§ **PROBLEM REQUIREMENTS**: Pictures must not appear in the copy. Reproduce exactly, and only, the lines from the one with "Với nhiều ưu" through the end of the data below.

§ **DATA BLOCK**:
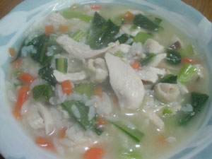 材料・・・鶏肉、人参、じめじ、こまつな、ご飯、かつおだし。
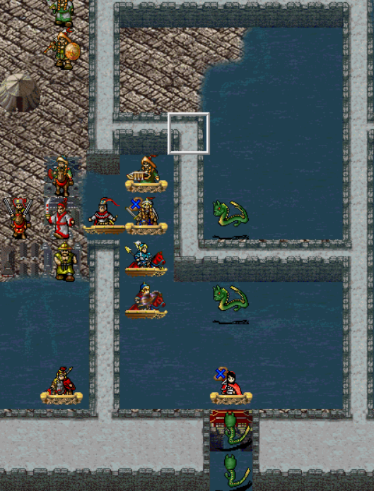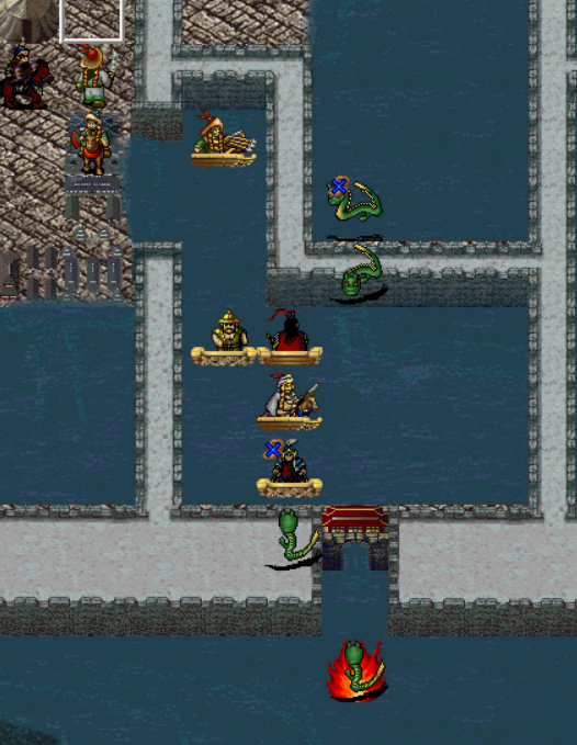 右边,王佐装备9级碧玉梨花袍和火龙驹,走到如图位置给步兵降防御,这样敌方回合,两个鱼鳞军可以把他打出特技。
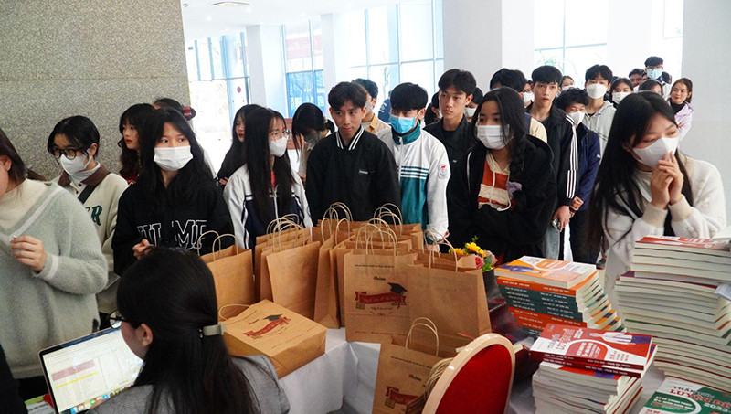 Với nhiều ưu điểm, bộ sách Thần tốc luyện đề 2023 thu hút đông đảo học sinh xếp hàng đăng ký tại sự kiện.
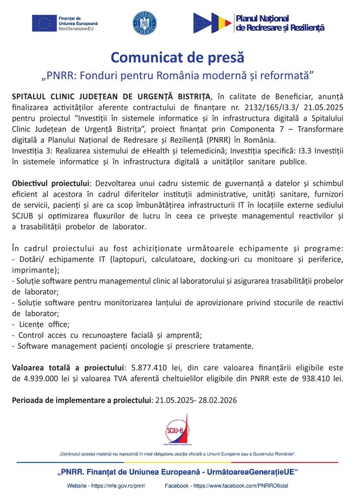 Finalizare proiect: ”Investiții în sistemele informatice și în infrastructura digitală a Spitalului Clinic Județean de Urgență Bistrița”

§ **TASK RESULT**:
 Với nhiều ưu điểm, bộ sách Thần tốc luyện đề 2023 thu hút đông đảo học sinh xếp hàng đăng ký tại sự kiện.
 Finalizare proiect: ”Investiții în sistemele informatice și în infrastructura digitală a Spitalului Clinic Județean de Urgență Bistrița”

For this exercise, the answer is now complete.